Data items

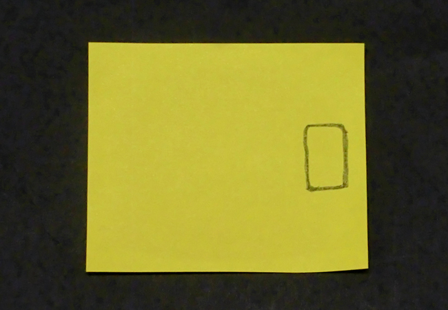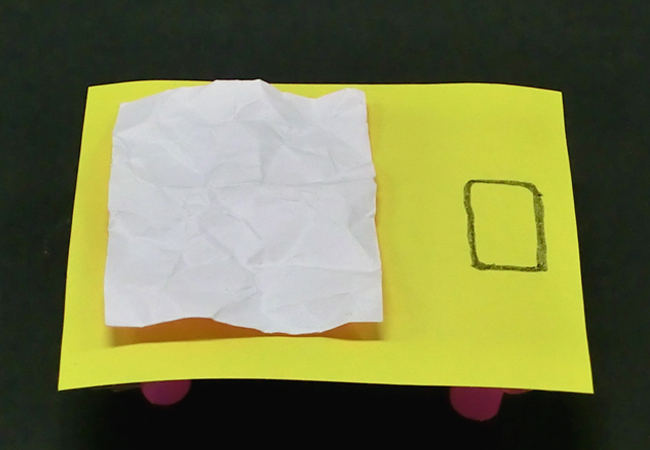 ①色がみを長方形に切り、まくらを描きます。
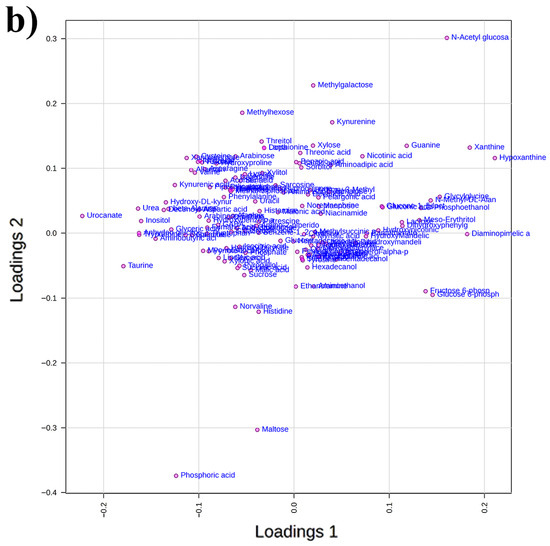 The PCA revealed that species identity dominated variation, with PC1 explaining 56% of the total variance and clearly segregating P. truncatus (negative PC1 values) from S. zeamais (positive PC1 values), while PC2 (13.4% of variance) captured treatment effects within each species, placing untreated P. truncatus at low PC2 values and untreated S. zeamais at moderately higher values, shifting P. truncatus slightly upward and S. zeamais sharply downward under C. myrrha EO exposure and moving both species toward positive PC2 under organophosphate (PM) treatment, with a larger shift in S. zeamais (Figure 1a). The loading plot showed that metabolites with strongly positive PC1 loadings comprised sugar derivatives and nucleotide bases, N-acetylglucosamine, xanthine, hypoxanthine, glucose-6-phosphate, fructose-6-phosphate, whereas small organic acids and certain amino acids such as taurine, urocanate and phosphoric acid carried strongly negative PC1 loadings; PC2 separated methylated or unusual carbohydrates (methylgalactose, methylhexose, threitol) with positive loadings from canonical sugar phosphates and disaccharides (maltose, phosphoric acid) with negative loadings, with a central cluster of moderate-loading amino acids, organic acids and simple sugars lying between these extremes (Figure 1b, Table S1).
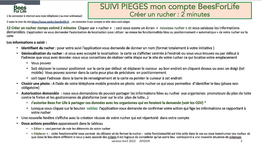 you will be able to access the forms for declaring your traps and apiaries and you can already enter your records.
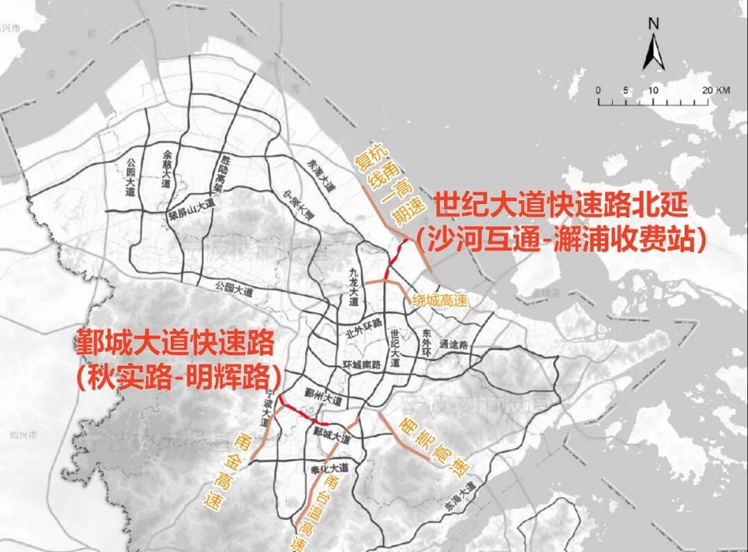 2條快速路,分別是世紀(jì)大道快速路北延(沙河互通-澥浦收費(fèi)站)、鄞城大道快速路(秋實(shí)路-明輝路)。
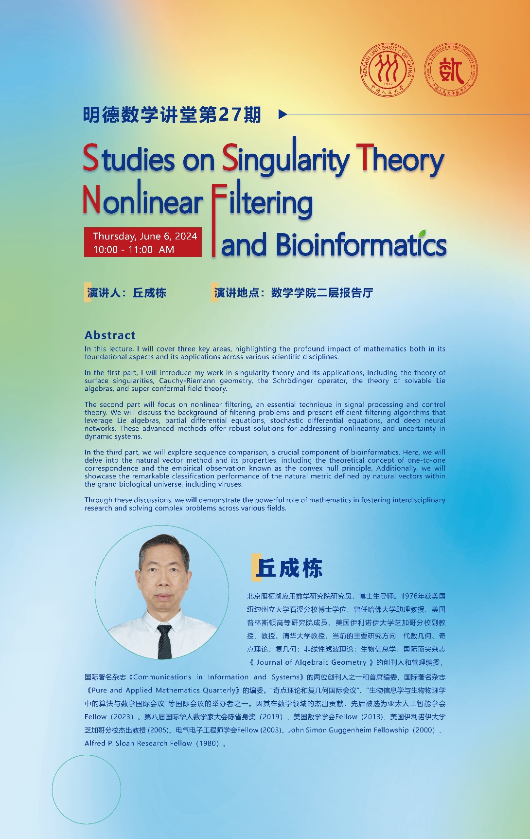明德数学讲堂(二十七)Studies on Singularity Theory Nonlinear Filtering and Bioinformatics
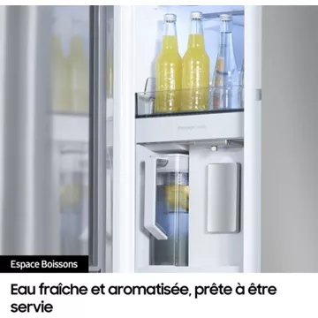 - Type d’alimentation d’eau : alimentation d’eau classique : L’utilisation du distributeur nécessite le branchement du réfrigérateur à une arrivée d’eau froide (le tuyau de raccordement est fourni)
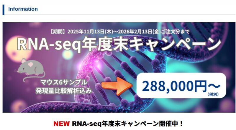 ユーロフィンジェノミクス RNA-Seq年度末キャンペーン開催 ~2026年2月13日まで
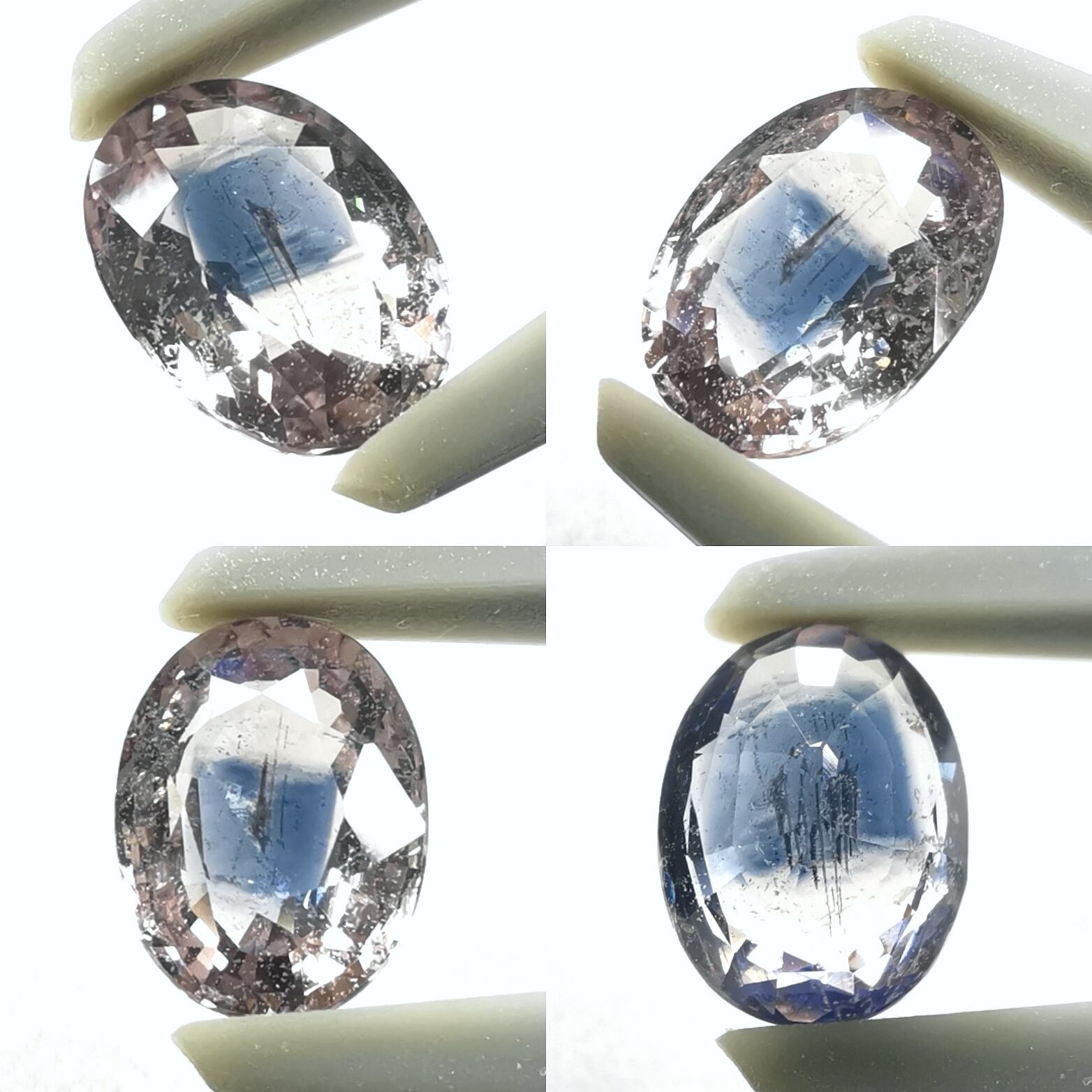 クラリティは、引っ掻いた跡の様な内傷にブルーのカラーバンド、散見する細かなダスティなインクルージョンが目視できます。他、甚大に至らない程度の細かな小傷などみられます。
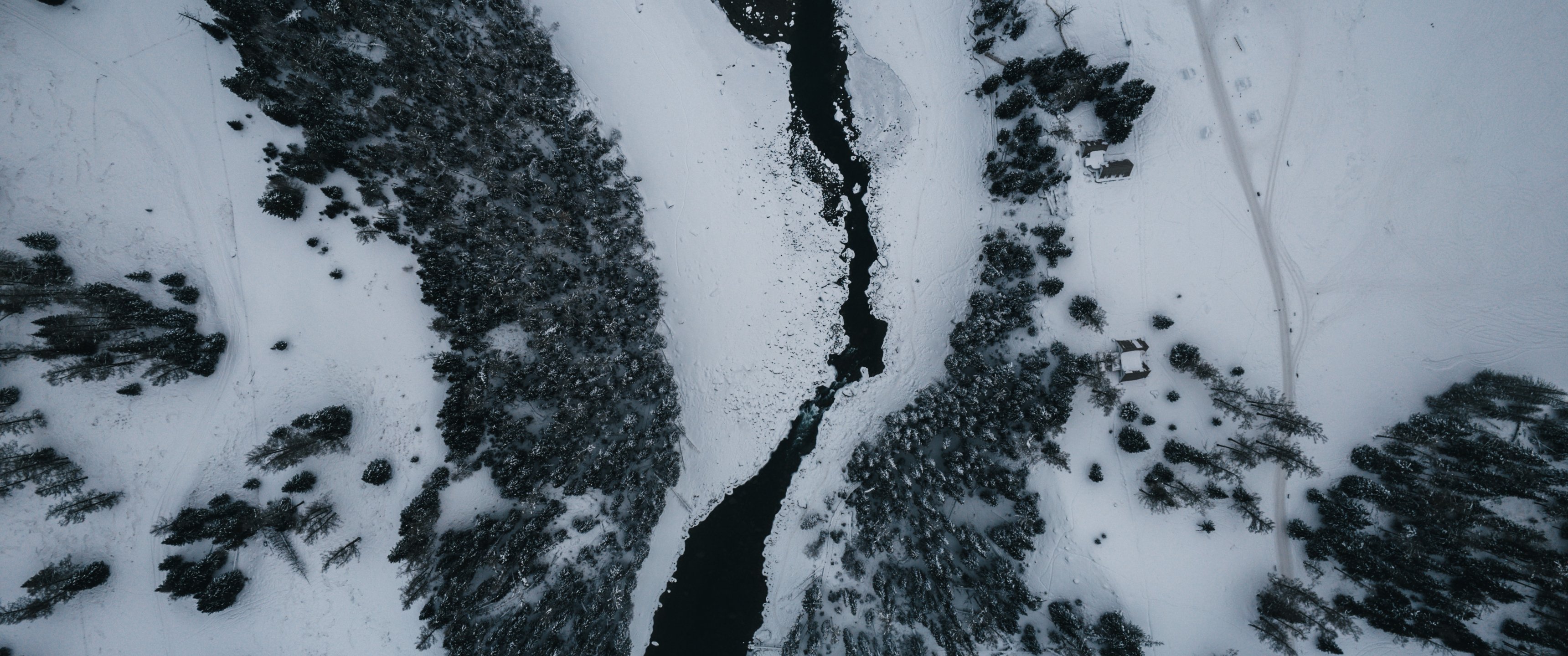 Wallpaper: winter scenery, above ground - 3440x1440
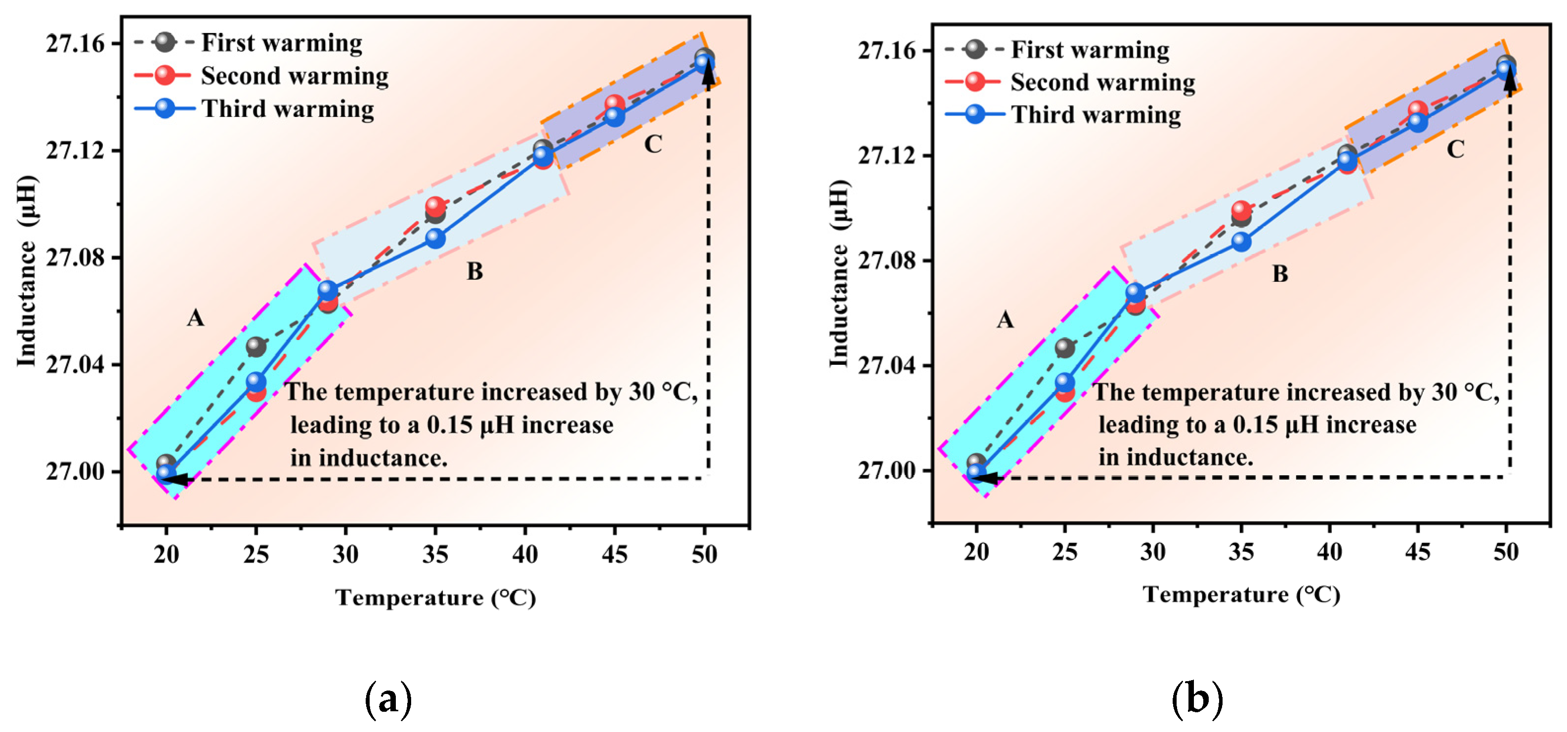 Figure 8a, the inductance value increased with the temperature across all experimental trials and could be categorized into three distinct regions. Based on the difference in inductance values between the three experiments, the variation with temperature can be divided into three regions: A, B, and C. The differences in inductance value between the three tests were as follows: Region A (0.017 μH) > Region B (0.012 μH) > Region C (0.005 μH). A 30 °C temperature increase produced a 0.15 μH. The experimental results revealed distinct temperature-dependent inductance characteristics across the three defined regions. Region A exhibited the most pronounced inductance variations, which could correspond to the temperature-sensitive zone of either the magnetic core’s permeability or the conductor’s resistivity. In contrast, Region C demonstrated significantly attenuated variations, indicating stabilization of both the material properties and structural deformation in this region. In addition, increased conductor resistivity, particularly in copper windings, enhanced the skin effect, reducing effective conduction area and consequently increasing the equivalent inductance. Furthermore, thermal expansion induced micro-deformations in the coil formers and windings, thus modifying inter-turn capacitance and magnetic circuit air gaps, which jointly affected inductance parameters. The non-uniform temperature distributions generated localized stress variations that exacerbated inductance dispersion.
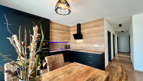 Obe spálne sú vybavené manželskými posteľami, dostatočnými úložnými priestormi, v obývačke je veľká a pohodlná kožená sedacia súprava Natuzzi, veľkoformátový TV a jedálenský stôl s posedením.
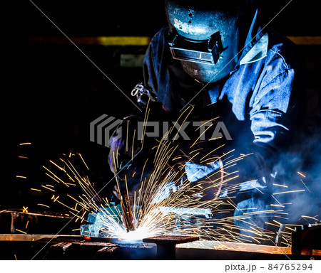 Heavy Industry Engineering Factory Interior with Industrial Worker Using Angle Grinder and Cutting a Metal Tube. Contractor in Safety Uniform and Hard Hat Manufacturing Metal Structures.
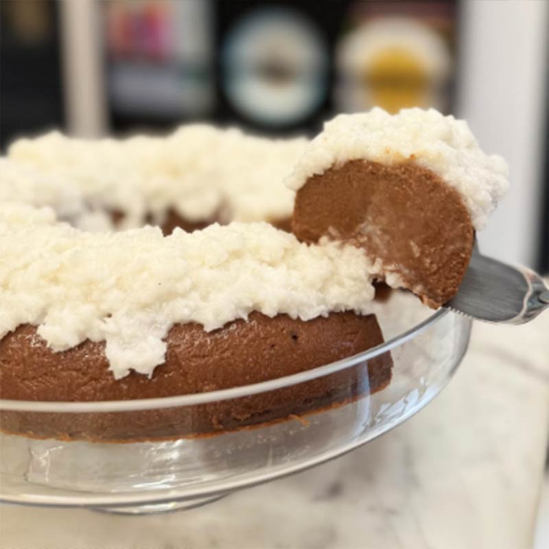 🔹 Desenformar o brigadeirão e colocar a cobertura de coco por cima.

REQUIRED ACTION: Without the pictures, write out every entry precisely as it appears.

RESULT OF THE TASK:
 ①色がみを長方形に切り、まくらを描きます。
 The PCA revealed that species identity dominated variation, with PC1 explaining 56% of the total variance and clearly segregating P. truncatus (negative PC1 values) from S. zeamais (positive PC1 values), while PC2 (13.4% of variance) captured treatment effects within each species, placing untreated P. truncatus at low PC2 values and untreated S. zeamais at moderately higher values, shifting P. truncatus slightly upward and S. zeamais sharply downward under C. myrrha EO exposure and moving both species toward positive PC2 under organophosphate (PM) treatment, with a larger shift in S. zeamais (Figure 1a). The loading plot showed that metabolites with strongly positive PC1 loadings comprised sugar derivatives and nucleotide bases, N-acetylglucosamine, xanthine, hypoxanthine, glucose-6-phosphate, fructose-6-phosphate, whereas small organic acids and certain amino acids such as taurine, urocanate and phosphoric acid carried strongly negative PC1 loadings; PC2 separated methylated or unusual carbohydrates (methylgalactose, methylhexose, threitol) with positive loadings from canonical sugar phosphates and disaccharides (maltose, phosphoric acid) with negative loadings, with a central cluster of moderate-loading amino acids, organic acids and simple sugars lying between these extremes (Figure 1b, Table S1).
 you will be able to access the forms for declaring your traps and apiaries and you can already enter your records.
 2條快速路,分別是世紀(jì)大道快速路北延(沙河互通-澥浦收費(fèi)站)、鄞城大道快速路(秋實(shí)路-明輝路)。
明德数学讲堂(二十七)Studies on Singularity Theory Nonlinear Filtering and Bioinformatics
 - Type d’alimentation d’eau : alimentation d’eau classique : L’utilisation du distributeur nécessite le branchement du réfrigérateur à une arrivée d’eau froide (le tuyau de raccordement est fourni)
 ユーロフィンジェノミクス RNA-Seq年度末キャンペーン開催 ~2026年2月13日まで
 クラリティは、引っ掻いた跡の様な内傷にブルーのカラーバンド、散見する細かなダスティなインクルージョンが目視できます。他、甚大に至らない程度の細かな小傷などみられます。
 Wallpaper: winter scenery, above ground - 3440x1440
 Figure 8a, the inductance value increased with the temperature across all experimental trials and could be categorized into three distinct regions. Based on the difference in inductance values between the three experiments, the variation with temperature can be divided into three regions: A, B, and C. The differences in inductance value between the three tests were as follows: Region A (0.017 μH) > Region B (0.012 μH) > Region C (0.005 μH). A 30 °C temperature increase produced a 0.15 μH. The experimental results revealed distinct temperature-dependent inductance characteristics across the three defined regions. Region A exhibited the most pronounced inductance variations, which could correspond to the temperature-sensitive zone of either the magnetic core’s permeability or the conductor’s resistivity. In contrast, Region C demonstrated significantly attenuated variations, indicating stabilization of both the material properties and structural deformation in this region. In addition, increased conductor resistivity, particularly in copper windings, enhanced the skin effect, reducing effective conduction area and consequently increasing the equivalent inductance. Furthermore, thermal expansion induced micro-deformations in the coil formers and windings, thus modifying inter-turn capacitance and magnetic circuit air gaps, which jointly affected inductance parameters. The non-uniform temperature distributions generated localized stress variations that exacerbated inductance dispersion.
 Obe spálne sú vybavené manželskými posteľami, dostatočnými úložnými priestormi, v obývačke je veľká a pohodlná kožená sedacia súprava Natuzzi, veľkoformátový TV a jedálenský stôl s posedením.
 Heavy Industry Engineering Factory Interior with Industrial Worker Using Angle Grinder and Cutting a Metal Tube. Contractor in Safety Uniform and Hard Hat Manufacturing Metal Structures.
 🔹 Desenformar o brigadeirão e colocar a cobertura de coco por cima.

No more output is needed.